第7話 桜舞う水平線

文字数 2,719文字

ーーーーーーーーーーーーーーーーーーーーーーーーーーー
体を犠牲に掴み取る勝利―――
先の長い戦いが待ち構えていたとしても―――
君は柔道が楽しいか?
ーーーーーーーーーーーーーーーーーーーーーーーーーーー

「技ありっ!! 静止(まて)っ!!」

『さあポイントが入りましたっ!! 入ったのは……西村(にしむら)選手だぁぁぁぁ!!』

 審判の右手は肩よりも高く、畳と平行に伸びている。
 ポイントが入ったのは西村。
 乱れた道着を整えながら白いテープの前まで戻る両者。
 先制された青桐は、呼吸を整えながら先ほどの攻防を簡単に振り返っている。

(ちっ!! 俺が先に背がついたのかよ。内股は無効(ダメ)だとすっと、背負い投げ、一本背負い……それか最大火力(フルパワー)のアレしかねぇな)

 攻めの組み立てをその場で行う青桐。
 ふと脳裏をよぎる敵のランクに、青桐は無意識に歯軋りをする。

(……コイツでランク14か。上にはまだまだいるってことだろ? ……はっ!! 急に参上(しゃしゃ)って、でけぇ(ツラ)しやがって……どいつもこいつも……!! 鈴音(すずね)との約束(ちぎり)果たすのに、テメェらは邪魔ぇんだよ糞がっ!!)

 衣服を整え終わった青桐。
 それを確認した審判は試合を再開させる。
 両足に稲妻を纏う西村は、目に捉えることも困難なスピードで、青桐との組手合戦をおこなう。
 先に技ありを取ったということもあって、勢いに乗る西村。
 あともう一つ技ありを取れば、一本勝ちになるということもあり、多少前がかりになってでも勝ちを掴み取りにいく黒衣の武人。
 このまま相手に何もさせず、一方的に試合を運びたい……そのような思惑があるようだ。

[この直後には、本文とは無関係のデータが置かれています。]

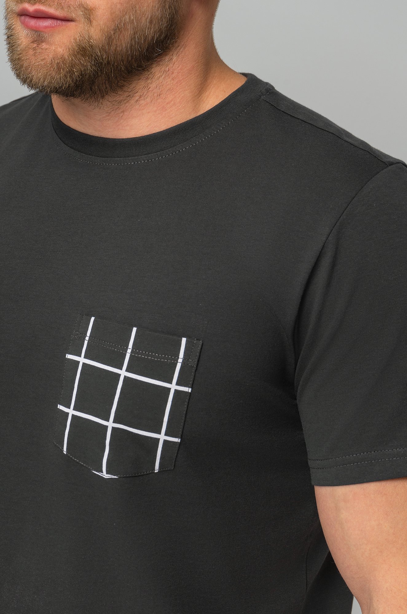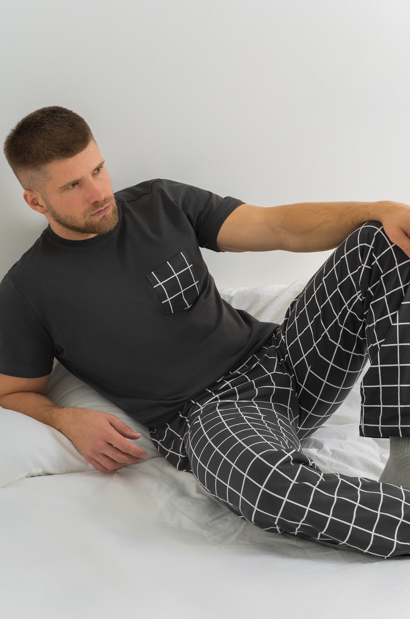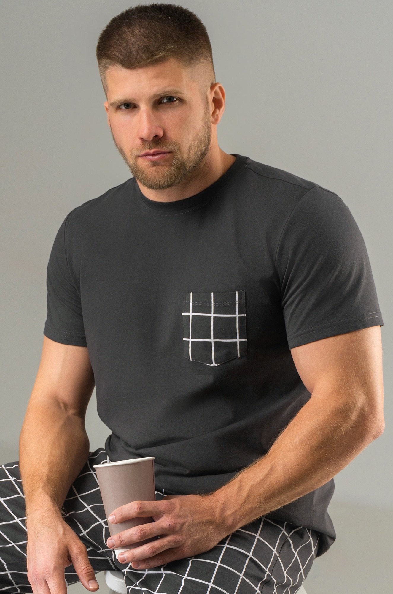 Мужская пижама с брюками выполнена из хлопкового трикотажа кулирная гладь. Удобный клетчатый костюм для дома, в который входят футболка с коротким рукавом и прямые брюки на эластичной резинке. На груди предусмотрен накладной карман.

(先手必勝は有言実行ッ!! だが……油断(なめぷ)禁物ッ!! さっきの返し技で決めきれなかった以上、攻撃の手は緩めんッ!!)

「オッスッ!! このまま押しき……」

「……テメェさっきから調子に乗る(イキ)てんじゃねぇぞっ!!」

 前のめりに差し出してきた西村の右腕を青桐は右手でいなし、左手でいなした腕の前袖を掴むと、出会い頭に背を見せる青桐。
 合気道のように力ではなく、相手の勢いを利用して、タイミングよく一本背負いを繰り出す。
 目には目を、歯に歯を。
 速攻を仕掛ける青桐。
 戦いのテンポを変える彼の策を、西村は鍛え上げた肉体によって強引に潰していく。

「ぬぁ"ぁ"ぁ"ぁ"ぁ"ッ!!」

「……!!」

(野郎……!! 踏ん張って強引(ラフ)に止めやがったっ!! けどよぉ……足がおざなりだぜっ!!)

「大内刈……」

「オラぁ"ぁ"ぁ"ぁ"ッ!!」

 立て続けに迫りくる水の猛威を払いのけるため、青桐を両腕の力だけで振り回す西村。
 雷と化した黒衣の柔道家は、ハンマー投げのように回転し、技を繰り出す前に始動を潰していく。

「ちっ!! 怪力馬鹿が……!!」

 試合時間は残り半分を過ぎている。
 初っ端から全力で戦っている両者の体には、確かな疲労が溜まっている。
 肩で息をする青桐。
 一旦息を入れるため、互いに組み合ったまま、睨み合いの時間となる……はずだった。
 
「ふぅー……オ"ッス"ッ!!」

「……あ"ぁ"!?」

 このまま膠着状態が続くと想定していた青桐。
 その浅はかな見積もりを西村は軽々覆す。
 亀のように動いていたかと思えば、再びエンジンフルスロットルで青桐を引きずり始める彼。
 スタミナが切れかけている青桐と比較しても、まだまだ余力が残っているように見える。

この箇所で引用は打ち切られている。